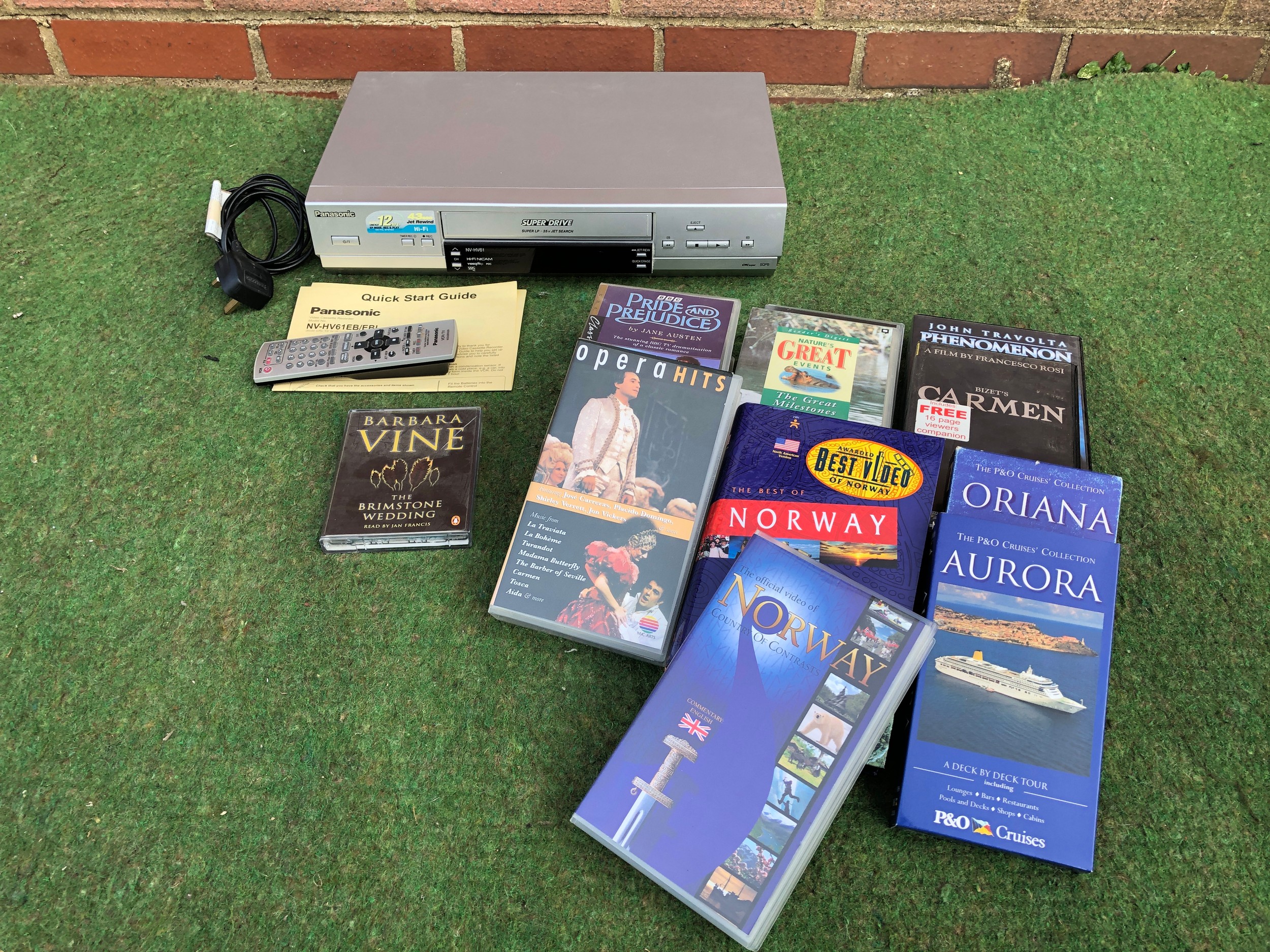Panasonic VHS player, remote and user instructions with a collection on VHS
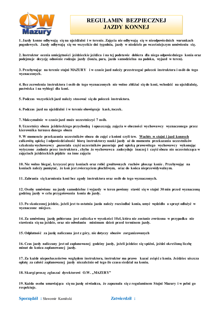 REGULAMIN BEZPIECZNEJ JAZDY KONNEJ 1. Jazdy konne odbywają się na ujeżdżalni i w terenie. Zajęcia nie odbywają się w nieodpowiednich warunkach pogodowych. Jazdy odbywają się we wszystkie dni tygodnia, jazdy w niedziele po wcześniejszym umówieniu się. 2. Instruktor ocenia umiejętności jeździeckie jeźdźca i na tej podstawie dobiera dla niego odpowiedniego konia oraz podejmuje decyzję odnośnie rodzaju jazdy (lonża, para, jazda samodzielna na padoku, wyjazd w teren). 3. Przebywając na terenie stajni MAZURY i w czasie jazd należy przestrzegać poleceń instruktora i osób do tego wyznaczonych. 4. Bez zezwolenia instruktora i osób do tego wyznaczonych nie wolno zbliżać się do koni, wchodzić na ujeżdżalnię, pastwiska i na wybiegi dla koni. 5. Podczas wszystkich jazd należy stosować się do poleceń instruktora. 6. Podczas jazd na ujeżdżalni i w terenie obowiązuje kask, toczek. 7. Maksymalnie w czasie jazd może uczestniczyć 7 osób. 8. Uczestnicy obozu jeździeckiego przychodzą i opuszczają zajęcia w obecności wychowawcy wyznaczonego przez kierownika turnusu danego obozu 9. W momencie przekazania uczestników obozu do zajęć z końmi czyli tzw. Wachty w stajni i jazd konnych całkowitą opiekę i odpowiedzi alność biorą instruktorzy nauki jazdy aż do momentu przekazania uczestników szkolenia wychowawcy ,pozostała część uczestników pozostaje pod opieką prawowitego wychowawcy wykonując wytyczone zadania przez instruktora , chyba że wychowawca zadecyduje inaczej i część obozu nie uczestnicząca w zajęciach jeździeckich pójdzie na inne zajęcia 10. Nie wolno biegać, krzyczeć przy koniach oraz robić gwałtownych ruchów płosząc konie . Przebywając na koniach należy pamiętać, że koń jest zwierzęciem płochliwym, oraz do końca nieprzewidywalnym. 11. Zabrania się karmienia koni bez zgody instruktora oraz osób do tego wyznaczonych. 12. Osoby umówione na jazdy samodzielne i wyjazdy w teren powinny stawić się w stajni 30 min przed wyznaczoną godziną jazdy w celu przygotowania konia do jazdy. 13. Po skończonej jeździe, jeżeli jest to ostatnia jazda należy rozsiodłać konia, umyć wędzidło a sprzęt odłożyć w wyznaczone miejsce. 14. Za umówioną jazdę pobierana jest zaliczka w wysokości 10zł, która nie zostanie zwrócona w przypadku nie stawienia się na jeździe, oraz nie odwołaniu minimum dzień przed terminem jazdy. 15. Odpłatność za jazdę naliczana jest z góry, nie dotyczy obozów zorganizowanych 16. Czas jazdy naliczany jest od zaplanowanej godziny jazdy, jeżeli jeździec się spóźni, jeździ określoną liczbę minut do końca zaplanowanej jazdy. 17. Za każde nieposłuszeństwo względem instruktora, instruktor ma prawo kazać zsiąść z konia. Jeździec uiszcza opłatę za całość zaplanowanej jazdy niezależnie od tego ile czasu siedział na koniu. 18. Skargi proszę zgłaszać dyrektorowi O.W. „MAZURY” 19. Każda osoba umawiająca się na jazdę oświadcza, że zapoznała się z regulaminem Stajni Mazury i w pełni go respektuje. Sporządził : Sławomir Kamiński Zatwierdził :
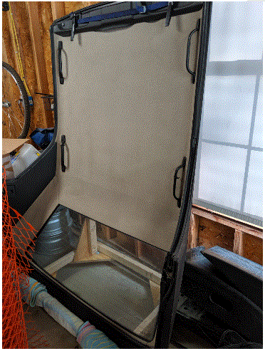 All hardware and handles are in good shape, all doors present. Weatherstripping is in good shape.
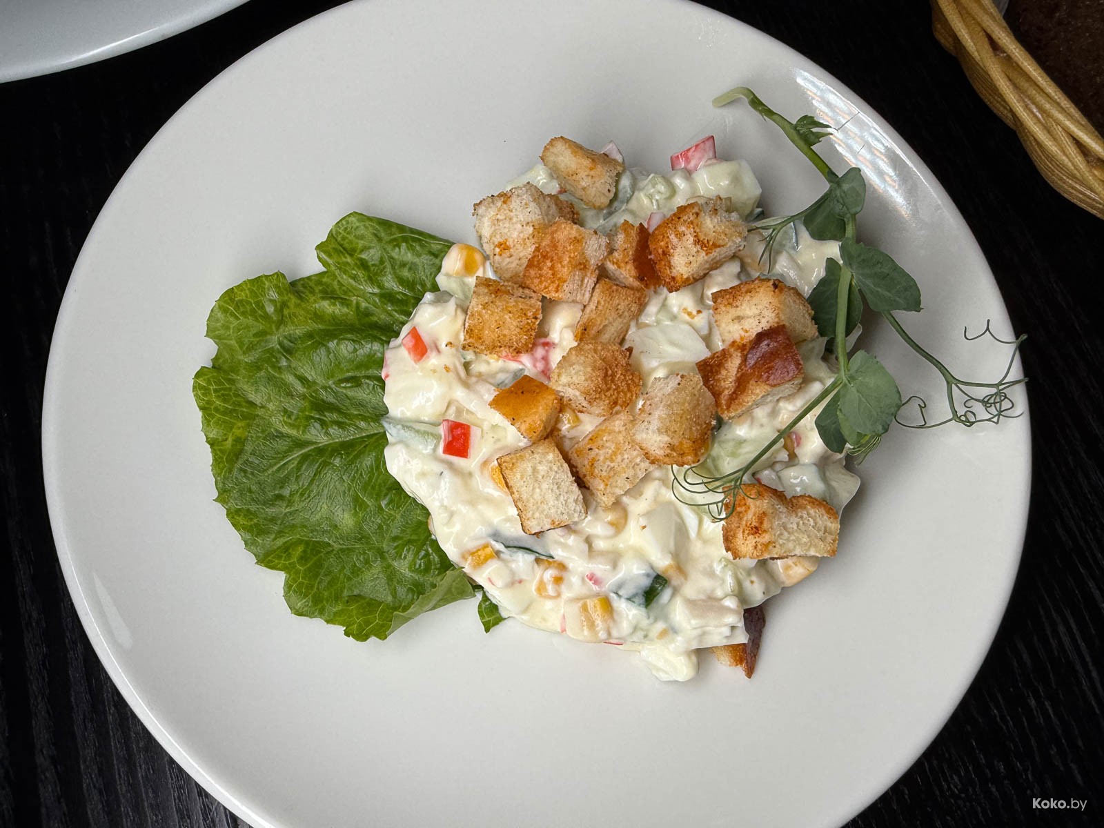 2. Новогодний салат по-цезарьски с крабовыми палочками и огурцами под мазиком. Порция столовая, свежесть сегодняшняя, вкусно.
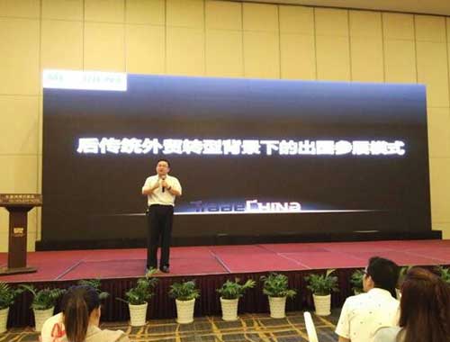 米奧蘭特國際會展董事長潘建軍為在場企業(yè)分享參展新模式
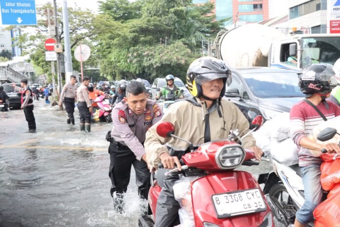 Ia menjelaskan bahwa personel diterjunkan untuk memastikan arus lalu lintas tetap berjalan serta membantu masyarakat yang mengalami kesulitan akibat genangan air.

________

→ **Problem**: Everything in the listing, except its images, should be set down exactly.

→ **Reply**:
Panasonic VHS player, remote and user instructions with a collection on VHS
 REGULAMIN BEZPIECZNEJ JAZDY KONNEJ 1. Jazdy konne odbywają się na ujeżdżalni i w terenie. Zajęcia nie odbywają się w nieodpowiednich warunkach pogodowych. Jazdy odbywają się we wszystkie dni tygodnia, jazdy w niedziele po wcześniejszym umówieniu się. 2. Instruktor ocenia umiejętności jeździeckie jeźdźca i na tej podstawie dobiera dla niego odpowiedniego konia oraz podejmuje decyzję odnośnie rodzaju jazdy (lonża, para, jazda samodzielna na padoku, wyjazd w teren). 3. Przebywając na terenie stajni MAZURY i w czasie jazd należy przestrzegać poleceń instruktora i osób do tego wyznaczonych. 4. Bez zezwolenia instruktora i osób do tego wyznaczonych nie wolno zbliżać się do koni, wchodzić na ujeżdżalnię, pastwiska i na wybiegi dla koni. 5. Podczas wszystkich jazd należy stosować się do poleceń instruktora. 6. Podczas jazd na ujeżdżalni i w terenie obowiązuje kask, toczek. 7. Maksymalnie w czasie jazd może uczestniczyć 7 osób. 8. Uczestnicy obozu jeździeckiego przychodzą i opuszczają zajęcia w obecności wychowawcy wyznaczonego przez kierownika turnusu danego obozu 9. W momencie przekazania uczestników obozu do zajęć z końmi czyli tzw. Wachty w stajni i jazd konnych całkowitą opiekę i odpowiedzi alność biorą instruktorzy nauki jazdy aż do momentu przekazania uczestników szkolenia wychowawcy ,pozostała część uczestników pozostaje pod opieką prawowitego wychowawcy wykonując wytyczone zadania przez instruktora , chyba że wychowawca zadecyduje inaczej i część obozu nie uczestnicząca w zajęciach jeździeckich pójdzie na inne zajęcia 10. Nie wolno biegać, krzyczeć przy koniach oraz robić gwałtownych ruchów płosząc konie . Przebywając na koniach należy pamiętać, że koń jest zwierzęciem płochliwym, oraz do końca nieprzewidywalnym. 11. Zabrania się karmienia koni bez zgody instruktora oraz osób do tego wyznaczonych. 12. Osoby umówione na jazdy samodzielne i wyjazdy w teren powinny stawić się w stajni 30 min przed wyznaczoną godziną jazdy w celu przygotowania konia do jazdy. 13. Po skończonej jeździe, jeżeli jest to ostatnia jazda należy rozsiodłać konia, umyć wędzidło a sprzęt odłożyć w wyznaczone miejsce. 14. Za umówioną jazdę pobierana jest zaliczka w wysokości 10zł, która nie zostanie zwrócona w przypadku nie stawienia się na jeździe, oraz nie odwołaniu minimum dzień przed terminem jazdy. 15. Odpłatność za jazdę naliczana jest z góry, nie dotyczy obozów zorganizowanych 16. Czas jazdy naliczany jest od zaplanowanej godziny jazdy, jeżeli jeździec się spóźni, jeździ określoną liczbę minut do końca zaplanowanej jazdy. 17. Za każde nieposłuszeństwo względem instruktora, instruktor ma prawo kazać zsiąść z konia. Jeździec uiszcza opłatę za całość zaplanowanej jazdy niezależnie od tego ile czasu siedział na koniu. 18. Skargi proszę zgłaszać dyrektorowi O.W. „MAZURY” 19. Każda osoba umawiająca się na jazdę oświadcza, że zapoznała się z regulaminem Stajni Mazury i w pełni go respektuje. Sporządził : Sławomir Kamiński Zatwierdził :
 All hardware and handles are in good shape, all doors present. Weatherstripping is in good shape.
 2. Новогодний салат по-цезарьски с крабовыми палочками и огурцами под мазиком. Порция столовая, свежесть сегодняшняя, вкусно.
 米奧蘭特國際會展董事長潘建軍為在場企業(yè)分享參展新模式
 Ia menjelaskan bahwa personel diterjunkan untuk memastikan arus lalu lintas tetap berjalan serta membantu masyarakat yang mengalami kesulitan akibat genangan air.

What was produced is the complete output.